BuzzFeed’s Background

  • Back in 2006 Jonah Peretti launched an idiosyncratic side project with his partner John Johnson, initially not grasping the vast of impact it would have on today’s creative industries (New York Magazine, 2013). His successful media outlet, popularly known as BuzzFeed, has become the most influential news organization in America and continues to spread worldwide. Pulling inspiration from previous media eras, Peretti believes “major technological change has always created opportunities for new publications to lead the way- until the industry shifts again. When Edward R. Murrow moved from radio to television, people said it was undignified. When CNN first aired people made fun of it because it was so grassroots and low budget” (The Eternal Return of BuzzFeed, 2015).
  • It’s undeniable that no one masters content and functionality on the Internet better than BuzzFeed’s CEO Jonah Peretti. What’s the secret to his platform’s success? Data. The output of the site is based on tracked content of their audiences (Fortune, 2017). “In traditional media, organizations need to make things that will appeal to 80 percent of the population. In social media, it is quite the opposite. The more specific our content is, then the more useful it is to that audience,” notes Peretti (Bill Connolly, 2017). In the early years of BuzzFeed, the only way they produced their material was through the use of algorithms to show ‘stirrings of virality’ on the web. They persuaded companies to allow their programming to monitor their partner sites and collect information to create a strong appeal to the public on the Internet (New York Magazine, 2013). In simplest terms, BuzzFeed’s innovation has more to do with how content is followed across the web, rather than how the content is presented on their site (Fortune, 2017).
  • In many other current creative industries, the focus on audience research is profound as well (Hesmondhalgh, 2013). ‘Audience power’ is commercial mass media’s principal product (Dallas Smythe, 2006, 233). “The way that cultural industries conceive of their audience is changing. There is a greater emphasis on audience research, marketing and addressing niche audiences” (Hesmondhalgh, 2013).
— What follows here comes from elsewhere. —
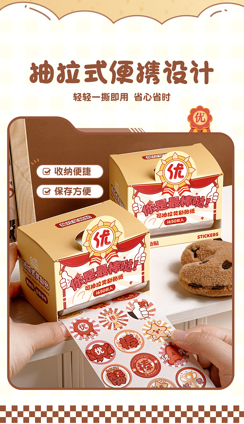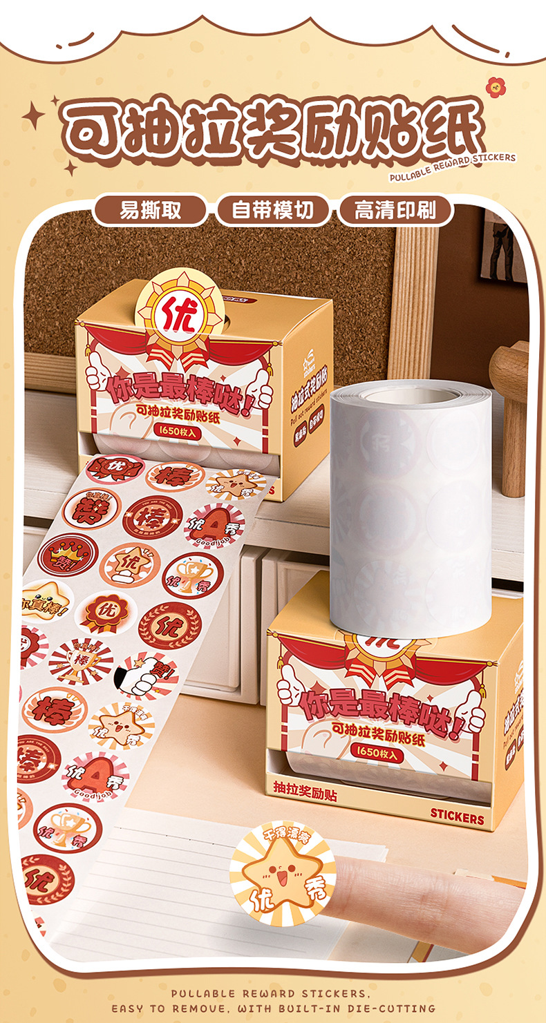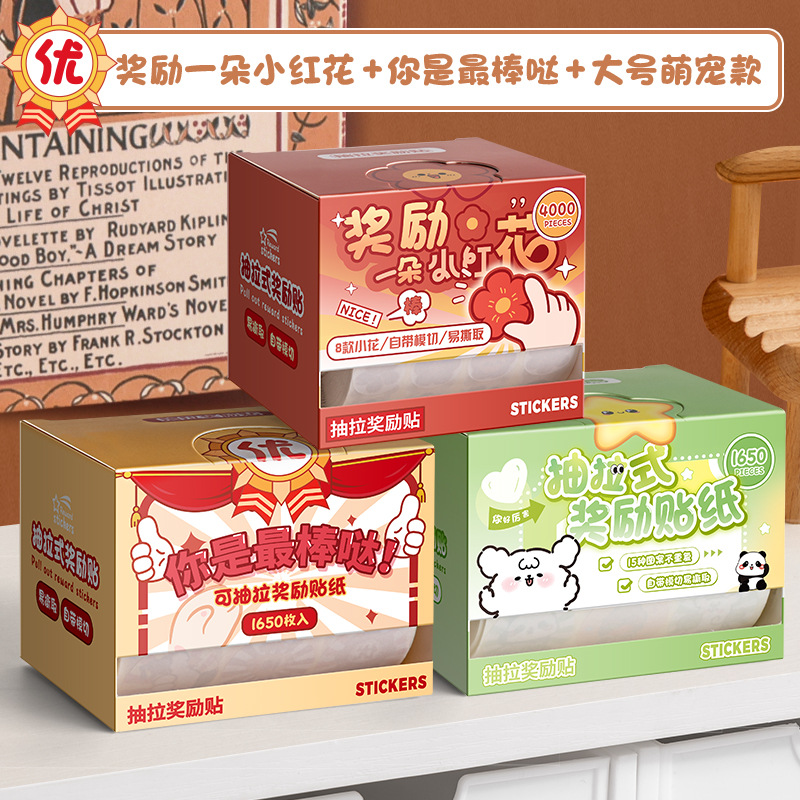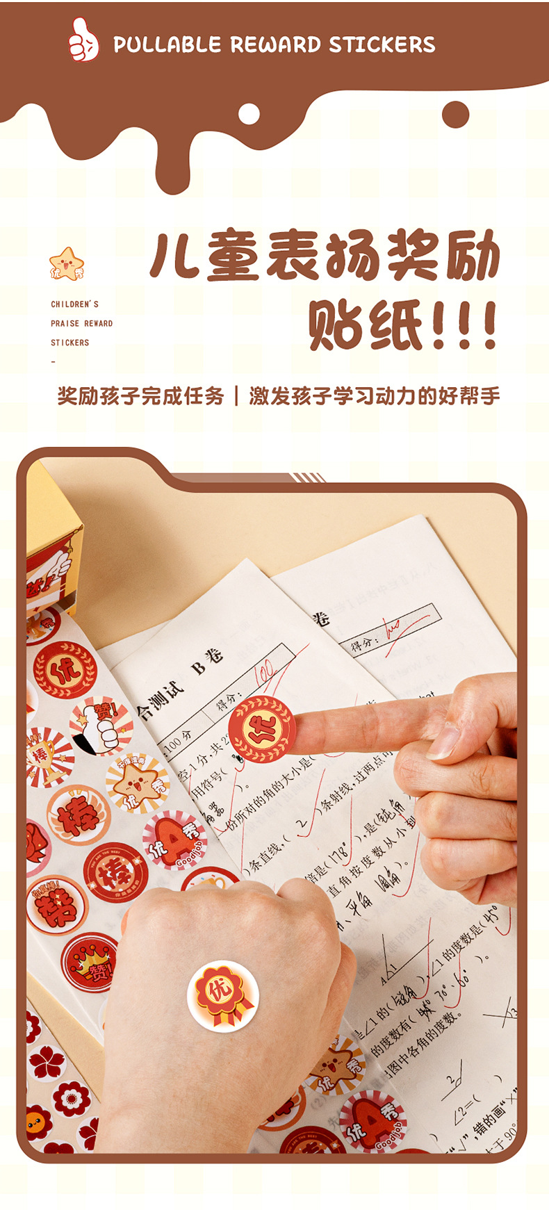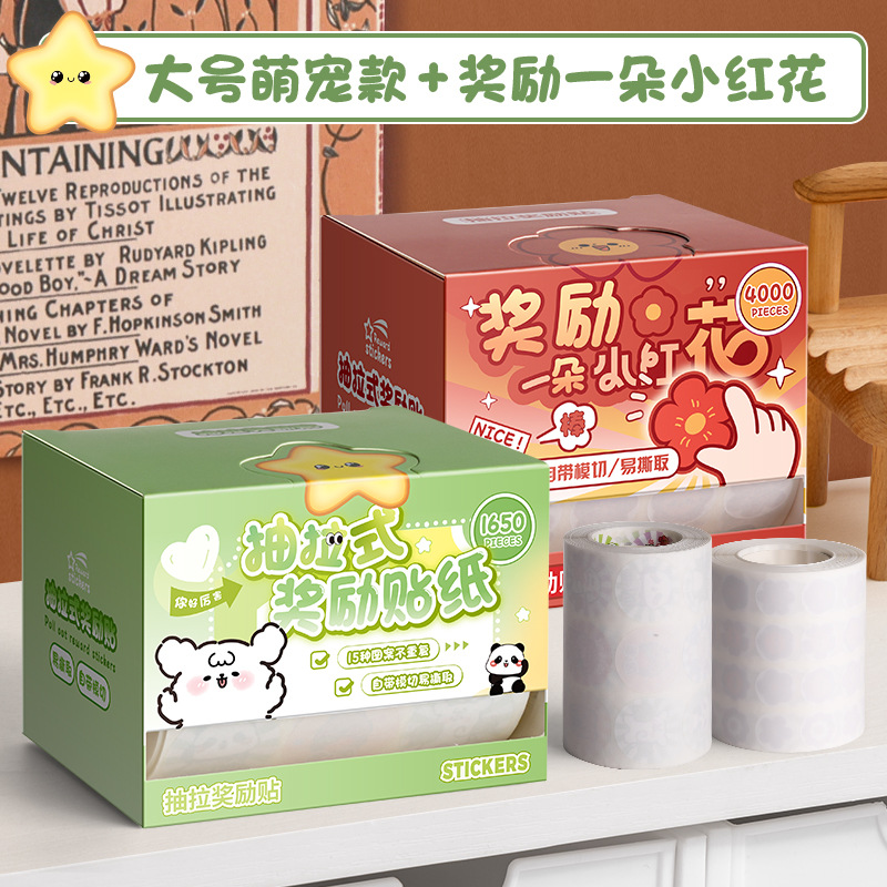 카바베어 보상 스티커, 당겨서 꺼내는 어린이 칭찬 스티커, 작은 빨간 꽃 유치원 만화 스티커, 장식용 작은 패턴스토어 가기
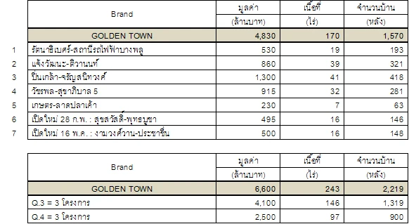 คุณภวรัญชน์ อุดมศิริ (Mr. Pawarun Udomsiri) หรือคุณจ๊อบ ผู้ช่วยกรรมการผู้จัดการอาวุโส โกลเด้นแลนด์ เรสซิเด้นซ์ กรุ๊ป ในเครือ บริษัท แผ่นดินทอง พร็อพเพอร์ตี้ ดีเวลลอปเม้นท์ จำกัด (มหาชน) หรือ GOLD เปิดเผยว่า "โกลเด้น ทาวน์ (GOLDEN TOWN) เป็นแบรนด์ที่ทางบริษัทใช้กับโครงการทาวน์โฮม ซึ่งแม้ว่าจะเพิ่งเปิดตัวครั้งแรกในปีที่แล้ว แต่นับได้ว่ากระแสตอบรับดีเกินคาด ทำให้บริษัทเตรียมการเปิดทำเลใหม่ๆ เพื่อตอบรับความต้องการของลูกค้ามาอย่างต่อเนื่อง โดยในปีที่ผ่านมามีทั้งสิ้น 5 ทำเล คือ รัตนาธิเบศร์, แจ้งวัฒนะ, ปิ่นเกล้า, วัชรพล และเกษตร-ลาดปลาเค้า และในปีนี้เปิดใหม่อีก 2 โครงการ โดยในไตรมาสแรก เปิดโครงการสุขสวัสดิ์ มียอดจองถึง 80% หรือ 400 ล้านบาท และไตรมาสที่ 2 เปิดโครงการงามวงศ์วาน ซึ่งสามารถปิดการขายได้ในวันเปิดจองทั้ง 100% ซึ่งถือเป็นปรากฏการณ์ใหม่ของวงการทาวน์โฮม ปัจจุบันบริษัทมีโครงการโกลเด้น ทาวน์ ทั้งสิ้น 7 ทำเล มูลค่ารวม 4,830 ล้านบาท และมีแผนงานเตรียมเปิดโครงการใหม่อีก 6 ทำเลในครึ่งปีหลังนี้ มูลค่า 6,600 ล้านบาท รวมมูลค่าโครงการเฉพาะแบรนด์ โกลเด้น ทาวน์ ทั้งหมดจะสูงถึง 11,430 ล้านบาท"

The producers of media create an environment through the consumer’s various interactions on the Internet.
  • Appealing to the customer has always been a strong suit of BuzzFeed. They exude an omniscient-like understanding of data flow across the internet with incredible precision, creating relatable articles for all different types of members in their audiences (The Eternal Return of BuzzFeed, 2015). “It turns out Peretti’s vaunted algorithm revealed an obvious truth: People like upbeat, even childlike content” (New York Magazine, 2013). Heavy and light content stories generally appear to be synthesized together, and subsequently flood reader’s social media feeds. What makes BuzzFeed unique is their revolutionary way of reporting on both types of content, ranging from GIFs of Ryan Gosling, silly quizzes and serious political articles (The Eternal Return of BuzzFeed), which make them a well-rounded news source.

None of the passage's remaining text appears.